== TASK BRIEF ==
Begin with the opening line of the records and extract each line through the one holding "Allis Chalmers Model"; pictures are not part of the copy.

Data extracted from a collection
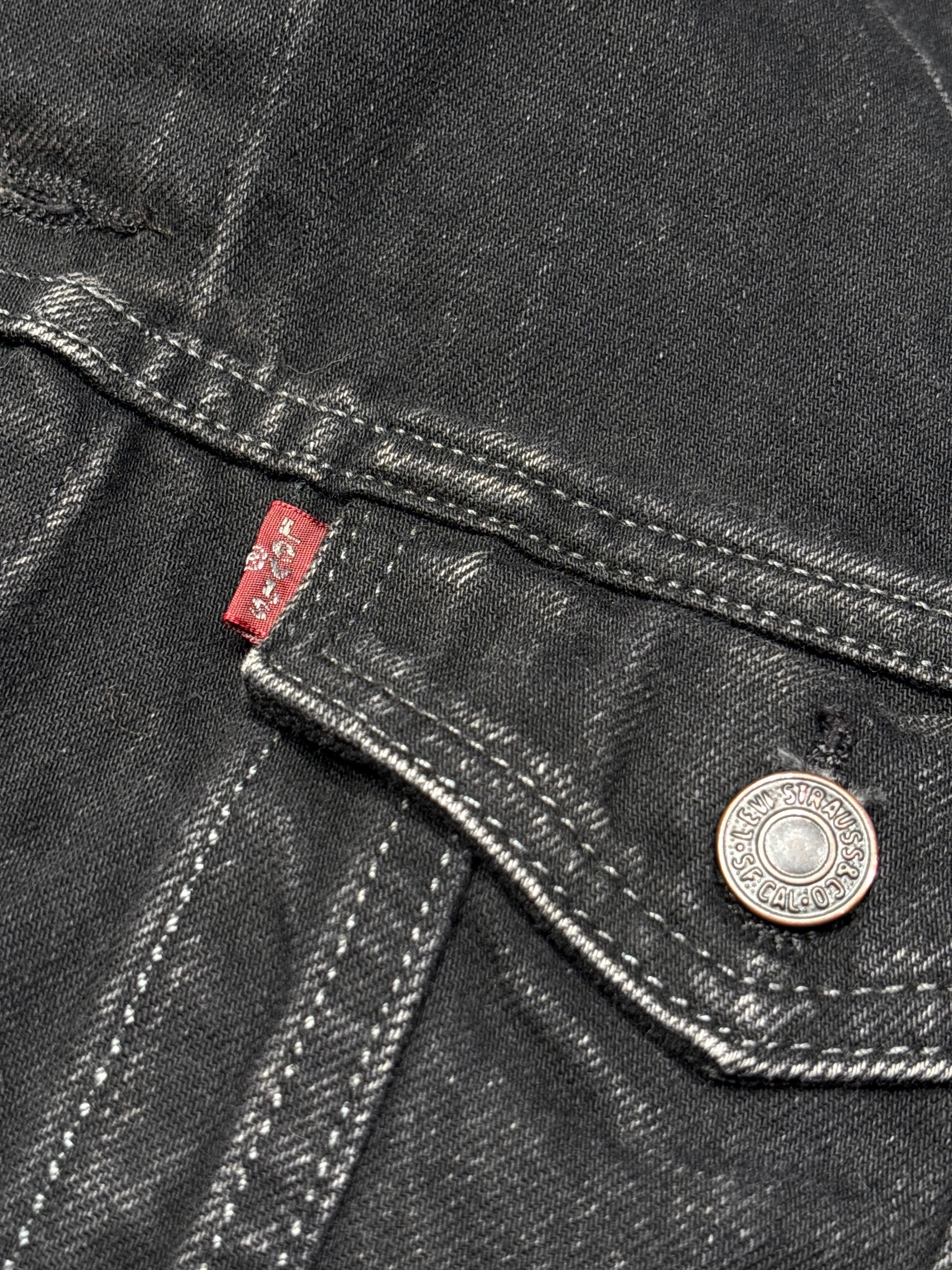 この一着はクラシックなトラッカージャケットをベースにしつつ、ブラックデニムでまとめた比較的新しい世代のモデルです。
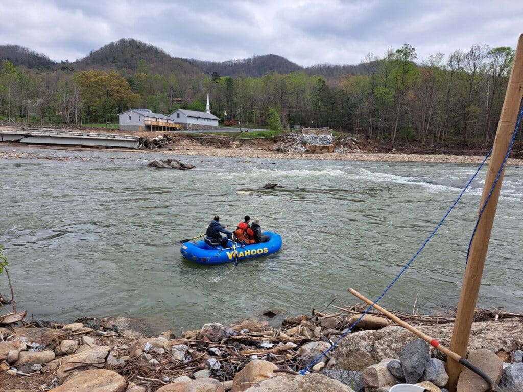 That pivot came in the form of a partnership with the Appalachian Trail Conservancy. Backed by donations to the A.T. Resiliency Fund, Johnson and his small staff provided a free ferry service after the Chestoa Bridge—the A.T.’s main river crossing—was washed out. From 9 a.m. to 2 p.m. daily, guides rowed rafts across the Nolichucky, ferrying nearly 2,000 A.T. thru-hikers across the swollen river.
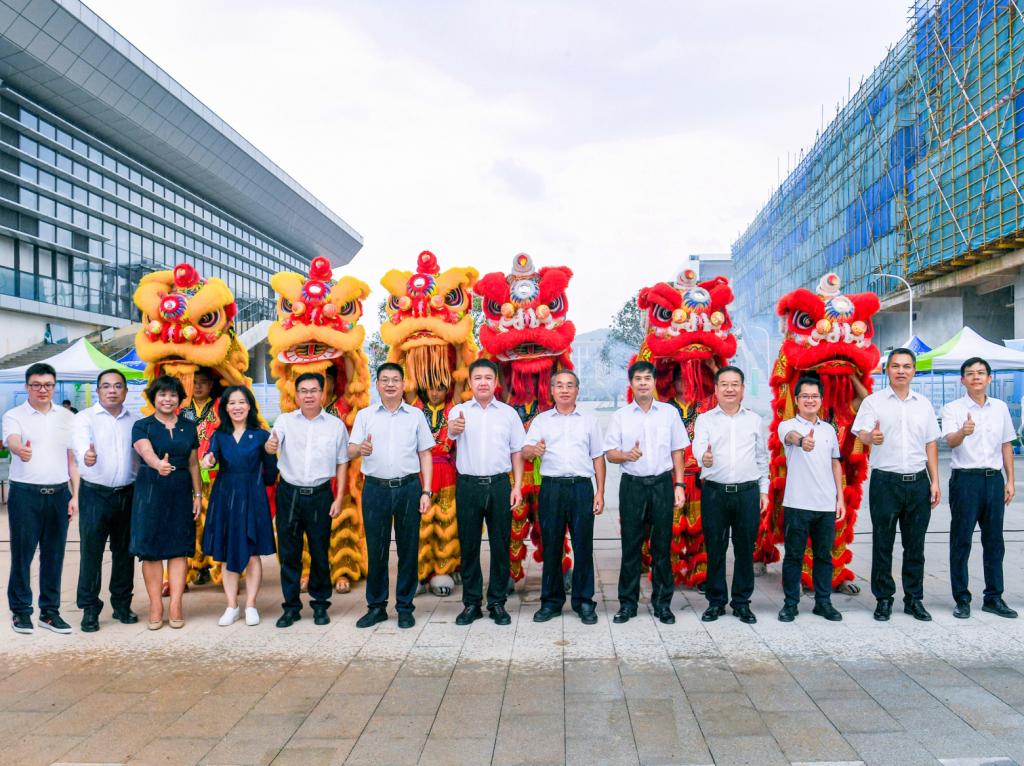 在参加仪式人员的热烈掌声中,领导嘉宾共同为新校区启用揭幕并合影留念。
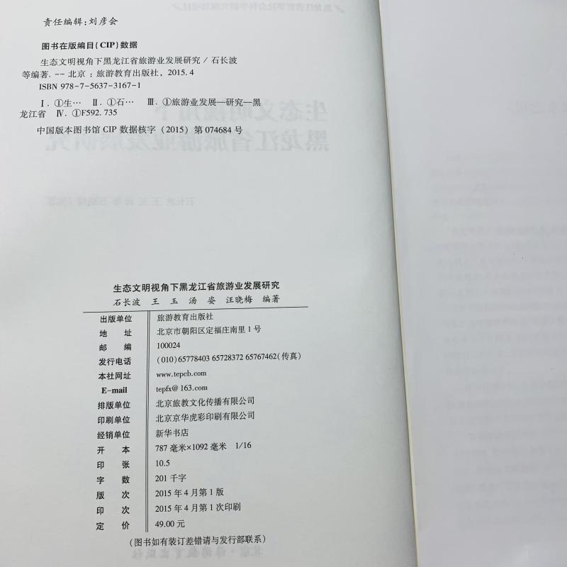 旅游学术研究丛书旅游教育出版 汤姿 社 王玉 生态文明视角下黑龙江省旅游业发展研究9787563731671石长波
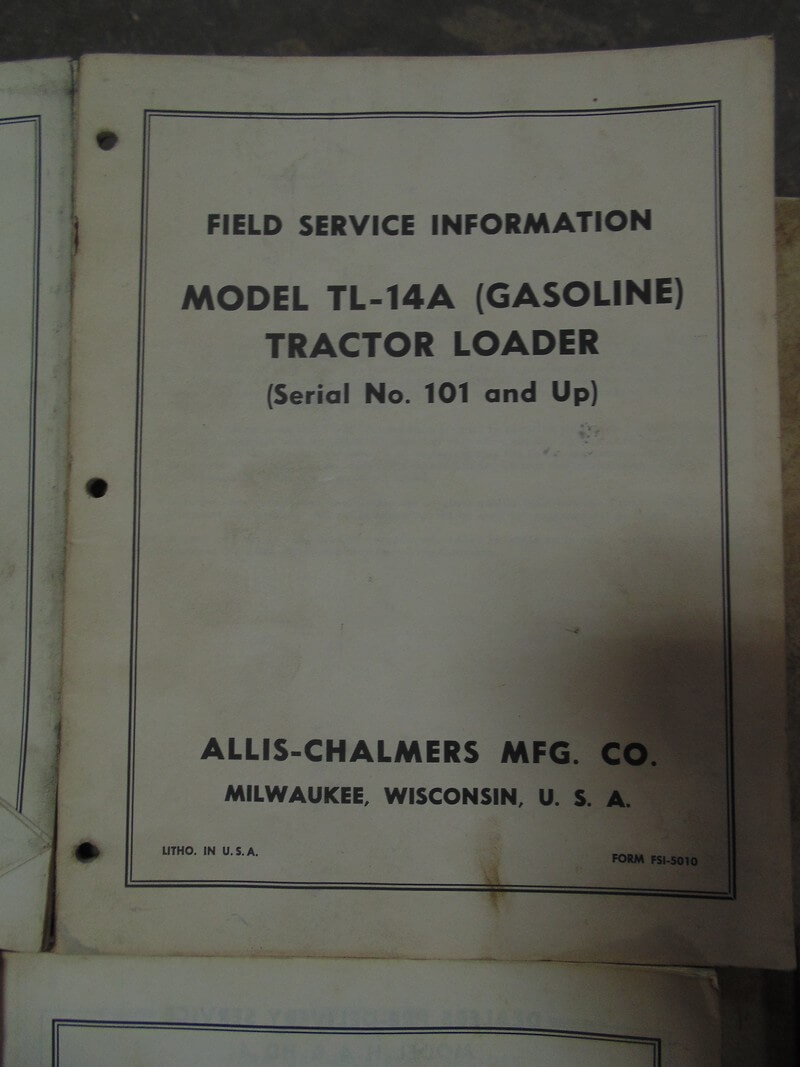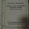 Allis Chalmers Model TL-14A (Gasoline) Tractor Loader Field Service Information Manual
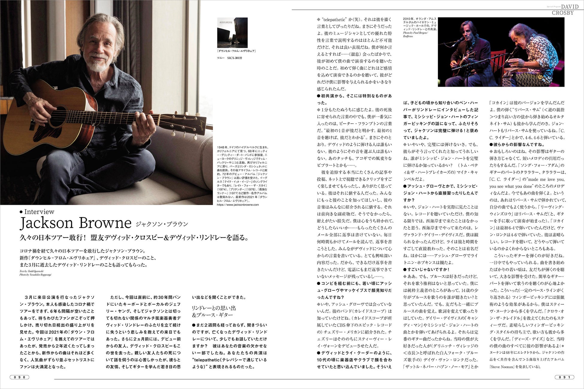 第2特集では、2013年1月19日に逝去したウエストコーストのアコースティック・ギター・ゴッド/デヴィッド・クロスビーの追悼記事を掲載。近年の作品は特に、シンガーソングライター/ギタリストのベッカ・スティーヴンス、スナーキー・パピーのマルチ・インストゥルメンタリストのマイケル・リーグ、そしてシンガーソングライター/キーボード・プレイヤーのミシェル・ウィリスからなる”Lighthouse Band"という新進気鋭のミュージシャンとコラボするなど、現役ミュージシャンとして活躍していただけに、その訃報に驚きを隠せなかった音楽ファンも多かったことでしょう。晩年の活動を語った貴重な本人インタビューのほか、1960年代後半からローレル・キャニオンの地で生活をともにした盟友ジャクソン・ブラウンの最新インタビューも。また、ジャクソンは、今年3月に亡くなった盟友デヴィッド・リンドレーとの思い出も存分に語ってくれています。
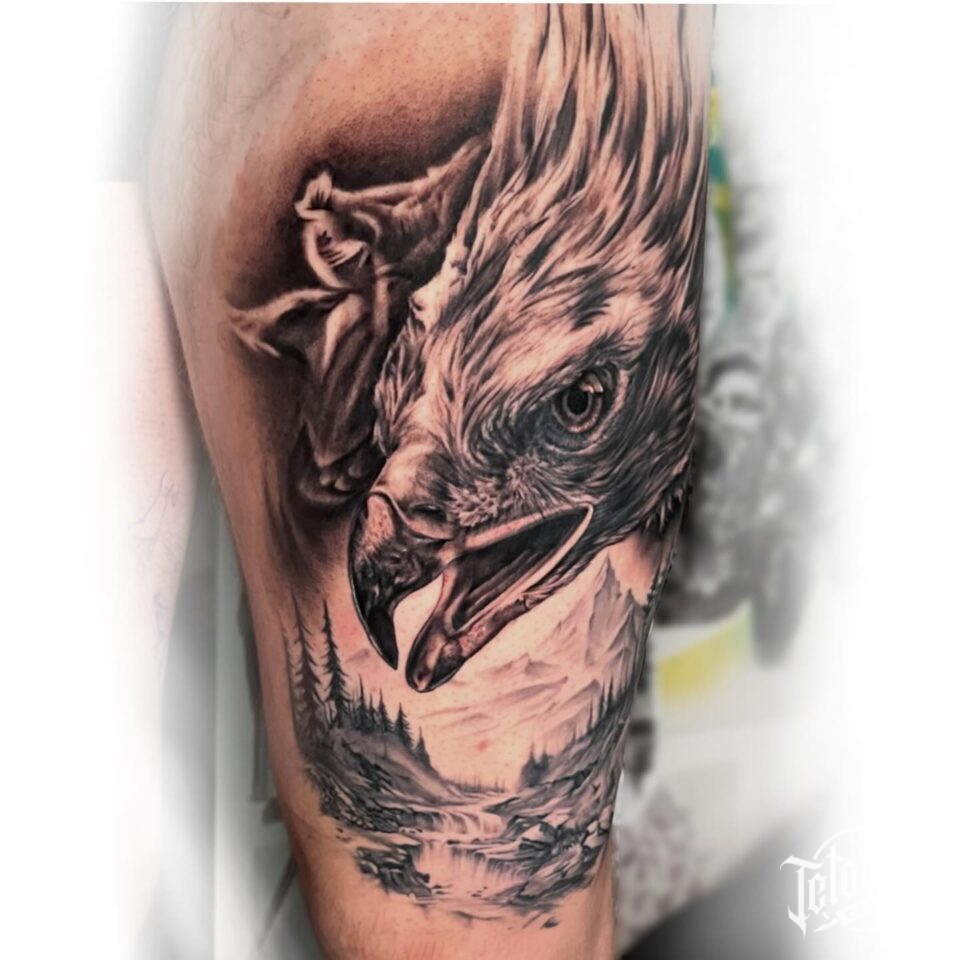 Tetování zvíře orel, příroda les, hory na stehno
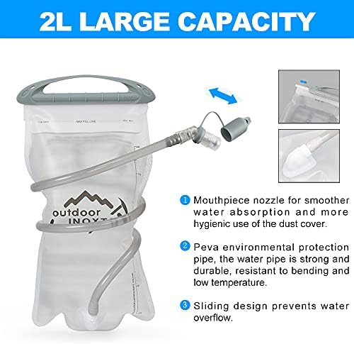 【2L Hydration Bladder 】◕‿ ◕:The 2 liter hydration water bladder can fill water and ice super quickly, it is more convenient to clean no matter when the water temperature is range -20~+50℃.the water tube (40″length,0.4″diameter) provides a healthy flow for easy drinking.
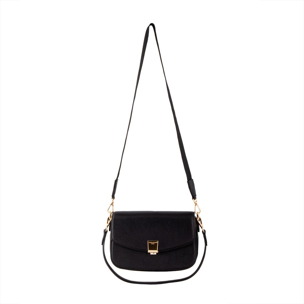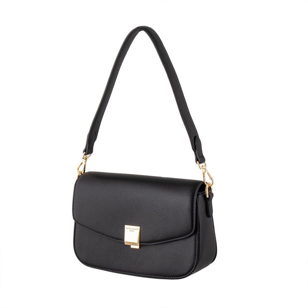 Stílusos női kézitáska David Jones Paris elegáns kivitelben tökéletes választás mindennapi viseletre, mind alkalmi eseményekre. Az időtlen dizájnt arany fém kiegészítők és a hajtókán található visszafogott márkalogó egészíti ki.
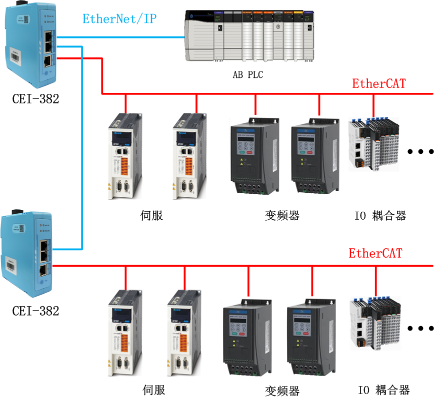 1.使用CEI-382连接和利时伺服,将网关ECAT口与伺服的ECAT接口的IN口连接。EtherNet/IP口与AB PLC处在一个局域网下;

== WRITTEN ANSWER ==
 この一着はクラシックなトラッカージャケットをベースにしつつ、ブラックデニムでまとめた比較的新しい世代のモデルです。
 That pivot came in the form of a partnership with the Appalachian Trail Conservancy. Backed by donations to the A.T. Resiliency Fund, Johnson and his small staff provided a free ferry service after the Chestoa Bridge—the A.T.’s main river crossing—was washed out. From 9 a.m. to 2 p.m. daily, guides rowed rafts across the Nolichucky, ferrying nearly 2,000 A.T. thru-hikers across the swollen river.
 在参加仪式人员的热烈掌声中,领导嘉宾共同为新校区启用揭幕并合影留念。
 旅游学术研究丛书旅游教育出版 汤姿 社 王玉 生态文明视角下黑龙江省旅游业发展研究9787563731671石长波
 Allis Chalmers Model TL-14A (Gasoline) Tractor Loader Field Service Information Manual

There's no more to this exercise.